Johannesburg, 11 March 2021: Rui Lopes, Managing Director at Lopes Attorneys, discusses the legislative environment for animal rights in South Africa. Does the law truly view animals as sentient beings, or is there room for improvement?

“The difficult circumstances during lockdown for COVID-19 in South Africa saw many animals being surrendered, neglected or abused. And beyond domestic animals who could not be cared for adequately, there was also pressure experienced in many industries, including agriculture, causing animal welfare to fall by the wayside in many instances.

“We are in a position where South Africa’s Constitution does not specifically cater for animal rights in the same way some other countries do. For example, in Germany and India, there are sets of constitutional standards that are far more stringent about safeguarding animal welfare. In South Africa, particularly during lockdown, the neglect of animal welfare is a major concern, especially in light of the judiciary’s attitude towards considering animals as sentient beings capable of suffering.

“Canned hunting is also prevalent in South Africa. The canned hunting trade is very lucrative for those involved, not only due to revenue generated by hunters, but also from the illicit trade that occurs in relation to lion bone. But we are faced with a declining lion population and animals being kept and hunted in completely inhumane conditions. The sad reality is that often financial gain has given way to compassion and animal welfare.

“In the domestic context, there is a large amount of statistical data showing that where there are instances of domestic violence in households, there is also often violence towards animals within those households. Lockdown saw an increase in domestic violence, and by association, an increase in animal abuse and neglect and an increase in domestic animals being left with the NSPCA (National Council of Societies for the Prevention of Cruelty to Animals).

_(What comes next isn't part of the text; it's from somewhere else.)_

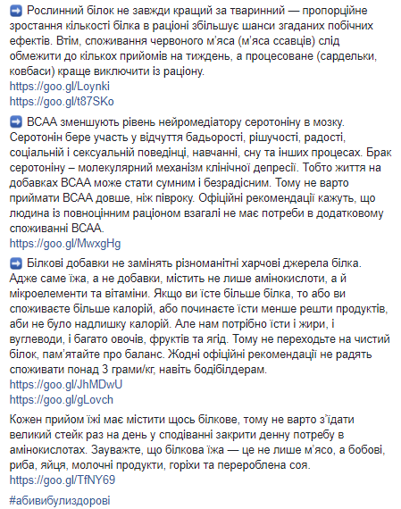 Каждый прием пищи должен содержать что-то белковое, поэтому не стоит съедать большой стейк раз в день в надежде закрыть дневную потребность в аминокислотах. Белковая пища - это не только мясо, а бобовые, рыба, яйца, молочные продукты, орехи и переработанная соя. Что касается белковых добавок, они не могут полностью удовлетворить потребность организма в белках, также их не стоит принимать дольше полугода. Стоит помнить, что переизбыток белка может привести к негативным последствиям, поэтому Супрун рекомендует составлять рацион с учетом ее советов.

“Under the Animals Protection Act (APA), which is a criminal piece of legislation, animals are supposed to be afforded rights and protected. Contraventions of the APA can see perpetrators fined, imprisoned or both. Under the APA, enforcement is overseen by the NPSCA.

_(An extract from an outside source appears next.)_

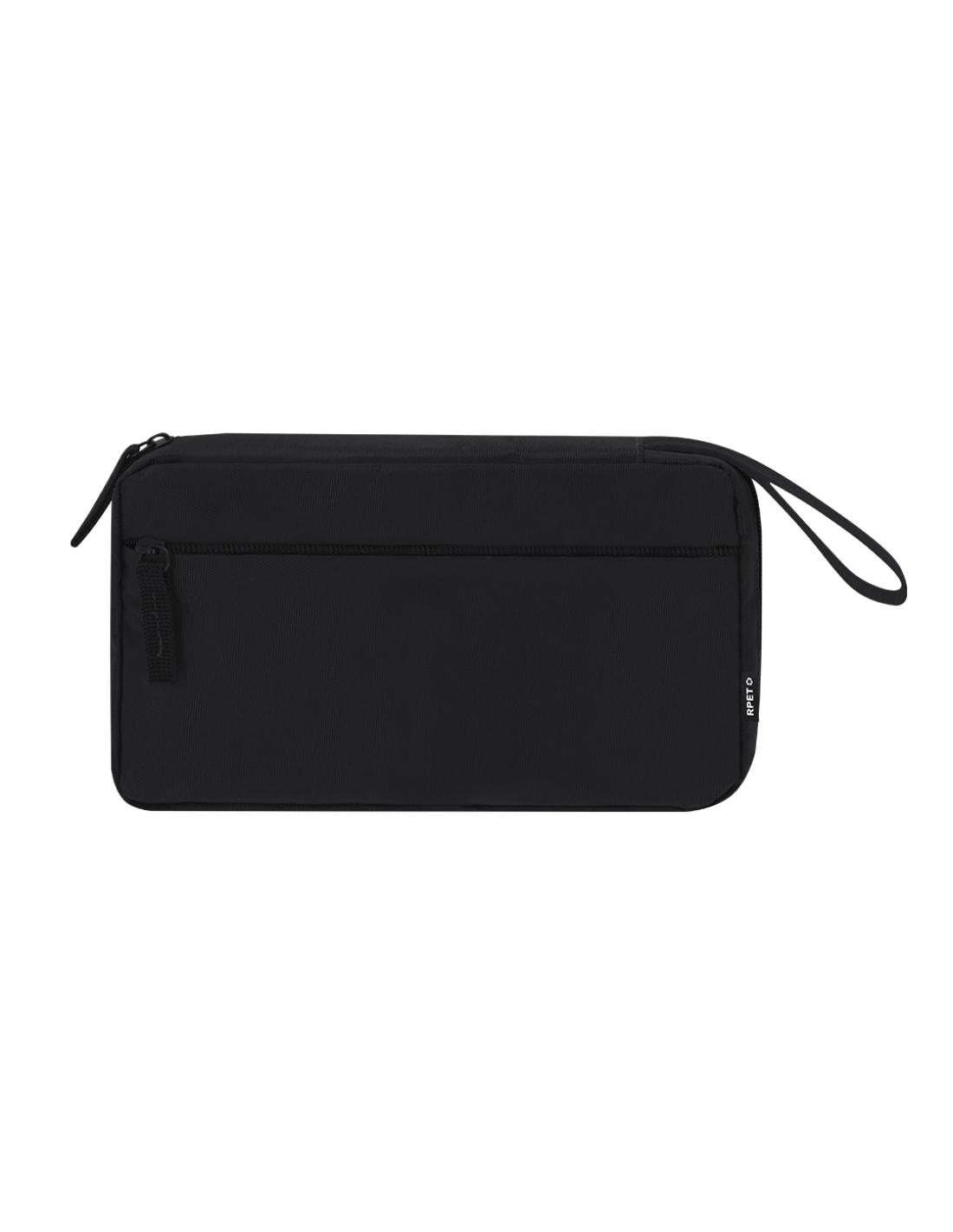 Estuche organizador fabricado en RPET 900D. Incluye bolsillo principal de apertura completa con doble tirador metálico y múltiples bolsillos interiores ideales para guardar cables: 3 bolsillos con banda elástica y 1 con cierre de cremallera. Además, incorpora un bolsillo exterior con cierre de cremallera invisible y asa para un cómodo transporte. Con distintivo RPET.El material RPET se elabora a partir de plástico reciclado, para así fomentar la reutilización de residuos plásticos y ayudar a la sostenibilidad del planeta.

The NSPCA investigates and refers cases to the National Prosecuting Authority for prosecution and the case is then taken over by the State. That being said, there is a low success rate in prosecuting animal welfare offenders compared to other countries, which may be due to a number of factors, including under-resourcing and the antiquated nature of the APA.

A similar issue arises when comparing the African legislative framework, within which it is evident that the APA has, in most instances, been employed as the guiding document for the drafting of other African countries’ animal welfare legislation. This, in turn, results in a set of antiquated animal welfare legislation, which has not kept pace with the changing times.

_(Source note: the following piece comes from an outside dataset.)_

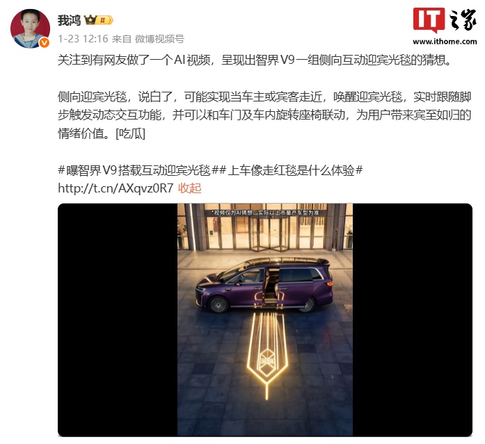 博主 @我鸿 分享了 AI 制作的智界 V9 侧向迎宾光毯的效果视频,称其可能实现当车主或宾客走近,唤醒迎宾光毯,实时跟随脚步触发动态交互功能,并可以和车门及车内旋转座椅联动。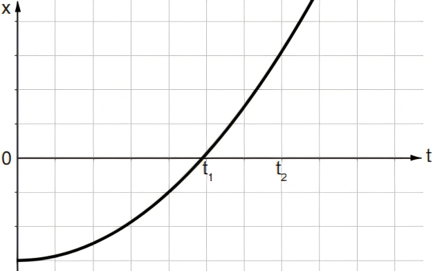 FísicaPUC-RS2016Para responder à questão, analise o gráfico abaixo. Ele representa as posições x em função do tempo t de uma partícula que está em movimento, em relação a um referencial inercial, sobre uma trajetória retilínea. A aceleração medida para ela permanece constante durante todo o trecho do movimento.

“Unfortunately, for all intents and purposes, animals are still considered property in South Africa. We need to start making a shift, both as a society and in the legislature, to view animals as sentient beings worthy of protection, just as humans are. That begins with community engagement and community outreach initiatives that educate and advocate the protection and care of animals. These factors are also contained in the environmental management principles outlined in the National Environmental Management Act.